There were not many participants “in spite of the abundant supply of prizes - too many for a race of this type and for the number and quality of the participants”, commented Lurani after the 1958 event.
The main reason for this was because success in the event had no wider significance: the Mille Miglia qualified for the European rally Championship only after 1961, so the press and public weren’t paying much attention to it as yet.
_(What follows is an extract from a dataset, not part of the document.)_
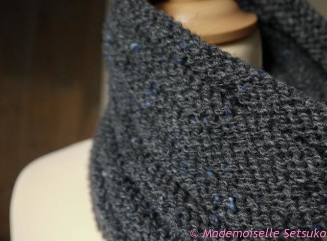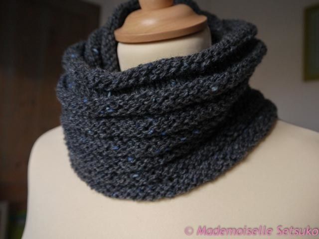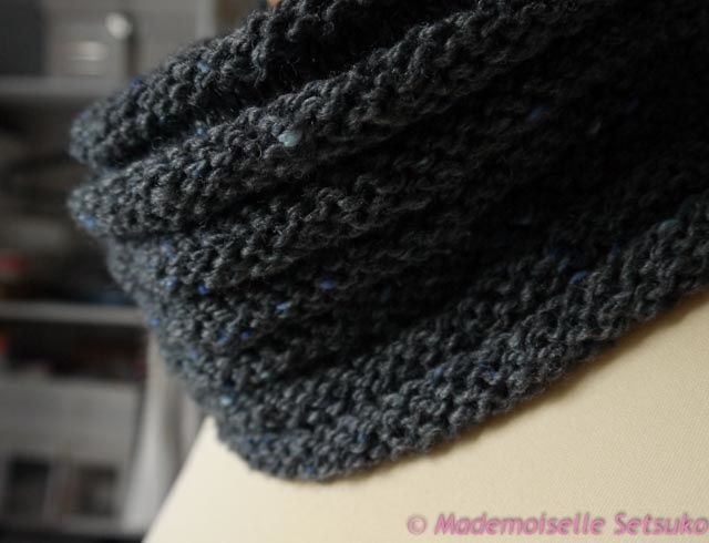 Snood monté sur 80 mailles en Soft tweed de Fonty, tricoté en aiguilles 5 avec une petite variante : 5 rangs endroit, 5 rang envers au lieu de 4 comme sur le modèle.
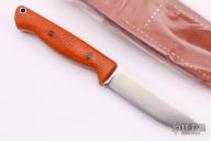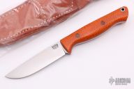 This Gunny Hunter by Bark River Knives features a satin finished blade with .133" blade stock and .934" blade depth, full tang construction. The handle has orange fire burlap micarta scales with red/brown liners. Comes with a brown leather sheath and original box. Excellent condition.

And one couldn’t blame the drivers, owing to the indifference of the CSAI (Italian Automobile Sporting Commission), the Mille Miglia dates clashed with other events that qualified for some or other national or international title. Furthermore, there was the excessive length of the tedious, low-speed transfer sections compared with the eight speed trials, which, in 1958, made up only 5% of the total distance. This improved to 13% and 9 trials in 1959 and to almost 25%, again with 9 trials, in 1961. “It may be because nobody killed themselves that very little is being said about the Mille Miglia”, commented the rally director, at the age of almost seventy, in 1961, after it again failed to arouse interest.
“The new directors of the Brescia Automobile Club, almost all of them excellent businessmen, ought to realise that, in this day and age, you cannot even sell toothpaste without an appropriate advertising campaign”
reported “Auto Italiana Sport”, the successor to “Auto Italiana” magazine which, together with the “Gazzetta dello Sport”, had done so much, back in 1926, to create public interest in the first Mille Miglia Cup to be run the following Spring.
The words of Enzo Ferrari, written in 1959 might serve as a fitting end to this sad, but fortunately brief, chapter in the history of this splendid competition.
"Neither the competition we saw last year nor today’s competion is the real Mille Miglia [and neither was the one held in 1961, we would add]; both of these, due to circumstance forced on the organisers, represent a touching act of faith towards a tradition, or rather an idea, that cannot and should not be allowed to die.
The Mille Miglia created a new motor-racing technique that generated those Italian-designed cars that we now see exported all over the world, a benefit for our economy and a worthy recognition of our Italian workmanship."
Castagneto died in 1971 in Sanremo, where he had retired after waving his chequered flag for the last time in 1968, wearing his historic bowler hat that had reappeared at the finishing line in Viale Venezia. The name 'Mille Miglia' had been given back to the rally the previous year, at the end of the “Commemoration of eleven Alfa Romeo victories in the Mille Miglia” – a non-competitive event in four stages, each lasting one day, in which around twenty 1750-type cars, winners of the Mille Miglia in 1929 and 1930, and a similar number of new 1750 saloon cars that Alfa Romeo was launching on the market, travelled from Brescia to Rome and then back to Brescia.
This is how “Auto Italiana” (which had returned to its original title), commented on the event:
“This was another positive aspect of the Alfa Romeo event, since the Mille Miglia seemed up to date and still able today to summon up the support it used to have. It is a race that never died, and it is more than ever alive today even though the idea that it could be repeated, not as a commemorative event but as a real race, is unfortunately only a beautiful dream.”
The event was a success with the public and this was probably what, in 1977, two years after the death of Giovanni Canestrini, gave rise to the idea of a commemoration to celebrate the anniversary of the beginning, in 1927, of the great story of this great race, the Mille Miglia.